Splitting large value sets without natural hierarchy

A concept might have a large number of possible values without a normative hierarchy. Examples are code systems like zip codes, genetic information, or costs for billing. In this case, it is not feasible to represent every possible code: 1 Euro, 2 Euro, 3 Euro, ...

The basic idea is to find an artifical, but yet reasonable substitute ontology. A possible solution is shown in the Boston Demodata: not every plausible patient age is coded right below age, instead, there is an intermediate level for every decade (0-9 years, 10-19 years, ...).
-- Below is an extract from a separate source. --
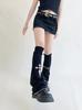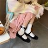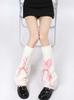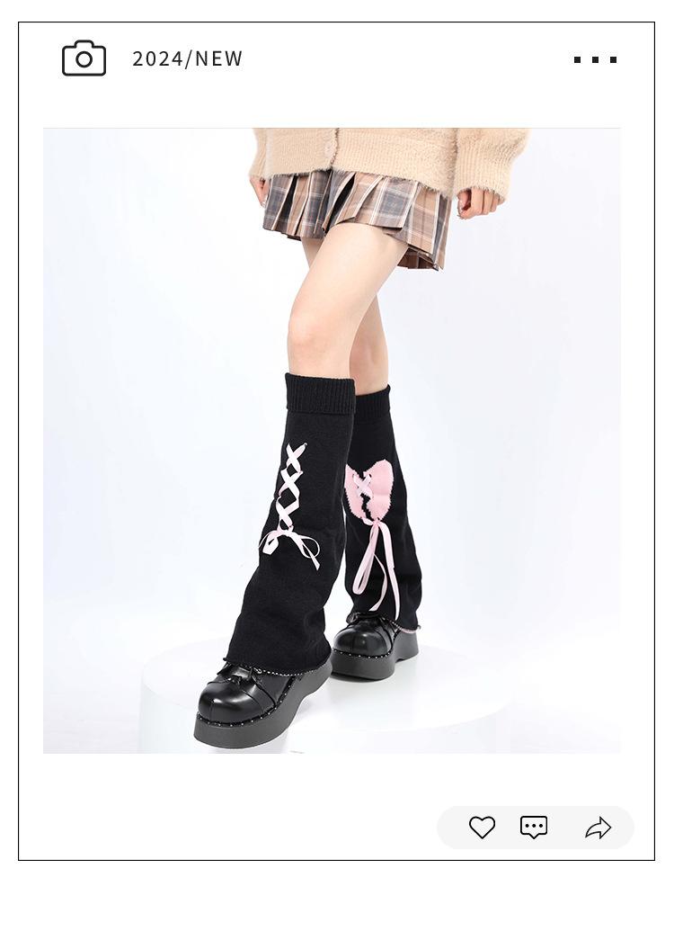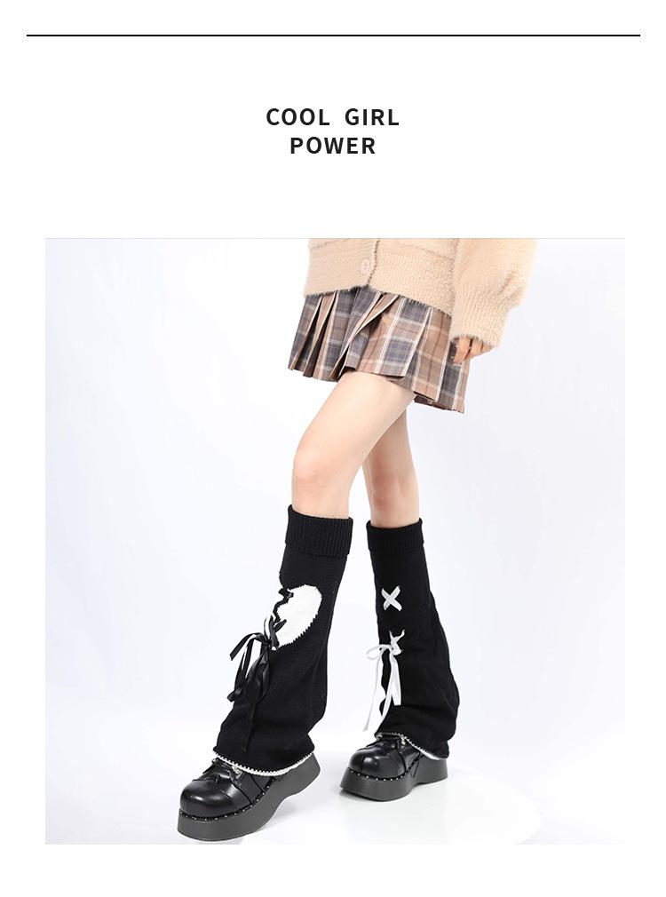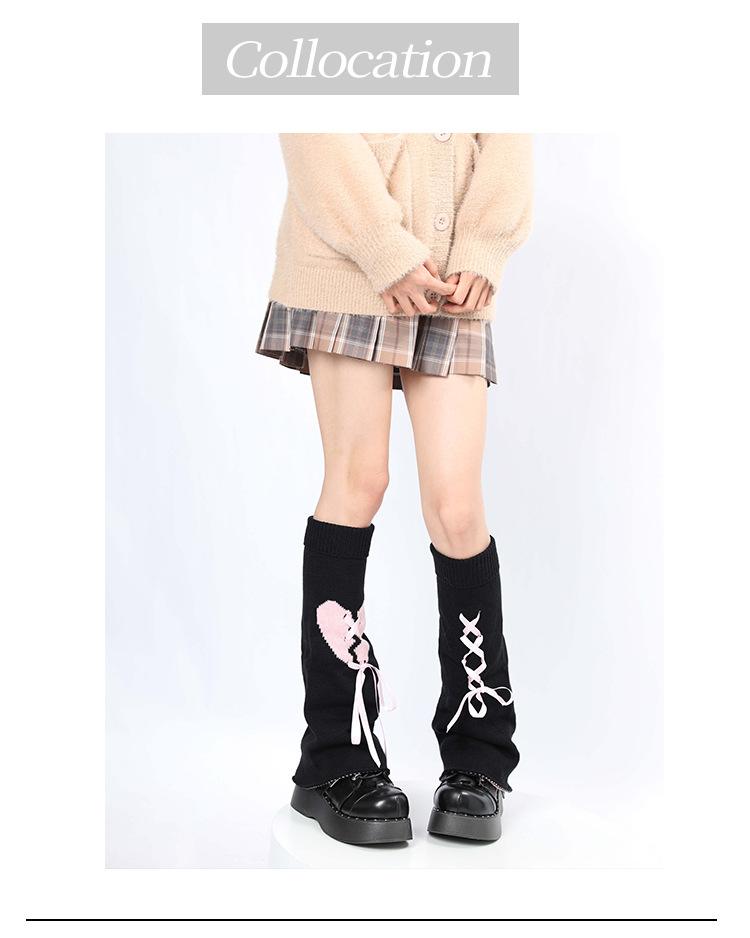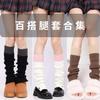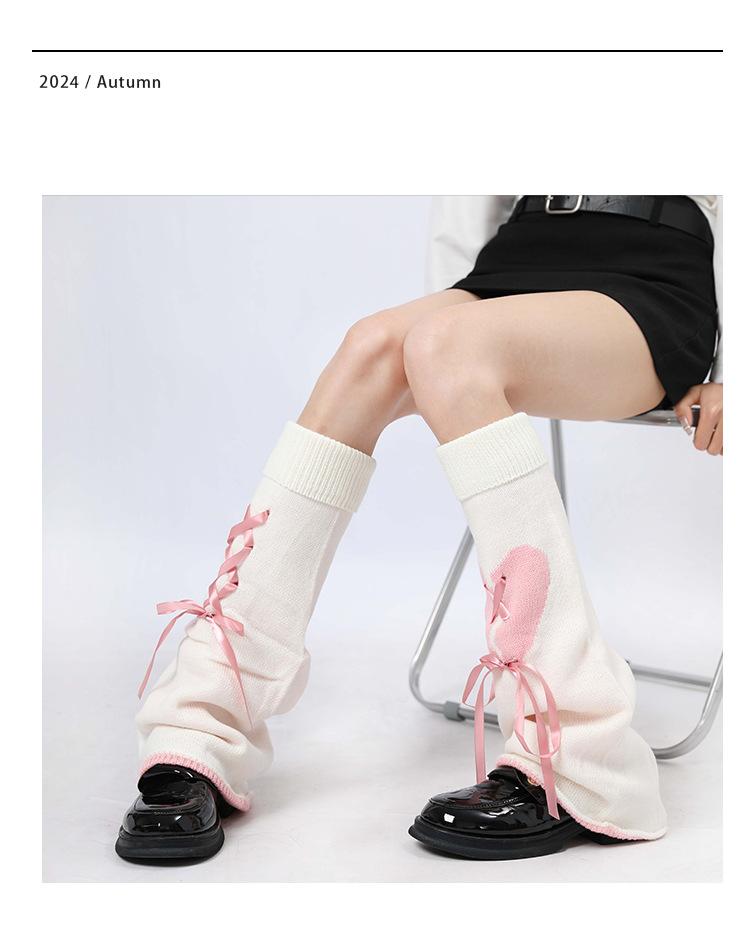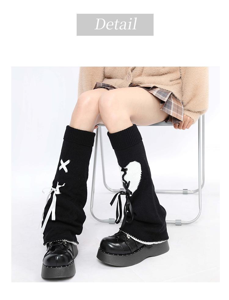 Calcetines con tiras de lazo estilo japonés, estilo universitario, con cubierta de pierna ancha, calcetines apilables Lolita, cubierta de pie de punto para otoño e invierno.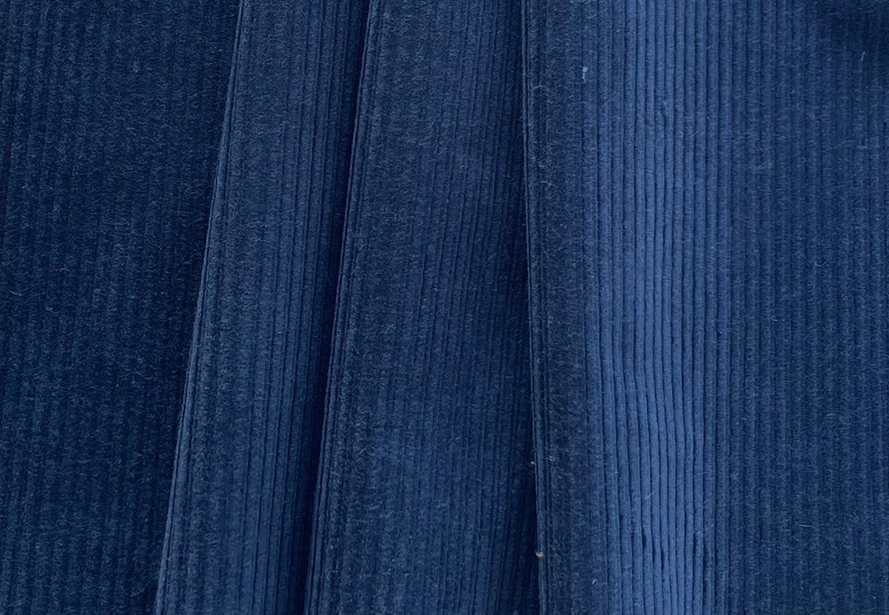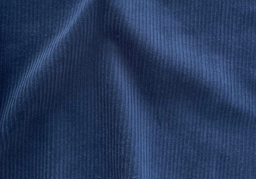 A high-end, mid-weight, stretch mid-wale cotton corduroy in brilliant admiral navy blue blue - with a touch of lycra for comfort, this buttery soft corduroy is perfect for sportswear, pants, children’s wear, blouses, or full skirts. Iron on the wrong side of the fabric and with the nap, or verso del pelo. A needle board can be utilized. Made in Italy. 98% cotton and 2% lycra. 55" wide.

So, one can select a bulk of ages with one click.

Splitting ages into decades might be suboptimal for some use cases in clinical research. For instance when recruiting participants for clinical trials, inclusion criteria hardly match decades. In most scenarios, it would be better to have categories like 0-17 years (harder regulations for trials with minors), 18-80 years and 81-130 years (special screening for elderly). Categories should have subcategories where appropriate: 18-80 years might be further splitted into 18-49, 50-65, 66-80 years.

Costs could have categories at ten thousands, thousands, hundereds and so on. Alphanumeric codes could have categories defined by the first letter (0-9, A-Z). Postal codes could have states and counties as classifying attributes.